General information
- Type: Ultralight trike
- National origin: France
- Manufacturer: Gdecouv'R
- Designer: Jean-Michel Geay
- Status: In production (2013)

= Gdecouv'R 582 =

French ultralight trike

The Gdecouv'R 582 is a French ultralight trike, designed by Jean-Michel Geay and produced by Gdecouv'R of Fontaine-lès-Dijon. The aircraft is supplied as a complete ready-to-fly aircraft.

==Design and development==
The designer was a former employee of Cosmos ULM before that company went out of business. His new company, Gdecouv'R, started out as a parts manufacturer supplying Cosmos owners, before he developed his own aircraft, based on Cosmos designs.

The aircraft was designed to comply with the Fédération Aéronautique Internationale microlight category, including the category's maximum gross weight of 450 kg. It features a cable-braced hang glider-style high wing, weight-shift controls, a two-seats-in-tandem open cockpit, tricycle landing gear and a single engine in pusher configuration.

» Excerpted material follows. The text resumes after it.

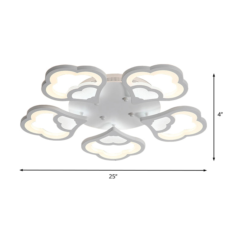 This product is a 3/5/12-Head LED Bedroom Flush Light with Flower Acrylic Shade White Ceiling Mounted Fixture in Warm/White Light. It is made of acrylic and features a modern style. The light is dimmable and can be controlled with a remote. It includes a mounting hardware kit.

The aircraft is made from bolted-together aluminum tubing, with its double surface wing covered in Dacron sailcloth. Its standard equipment 9.87 m span La Mouette wing is supported by a single tube-type kingpost and uses an "A" frame weight-shift control bar. The powerplant is a twin-cylinder, liquid-cooled, two-stroke, dual-ignition 64 hp Rotax 582 engine. The aircraft has an empty weight of 132 kg and a gross weight of 450 kg, giving a useful load of 318 kg. With full fuel of 55 L the payload is 278 kg.

A number of different wings can be fitted to the basic carriage, including those produced by La Mouette.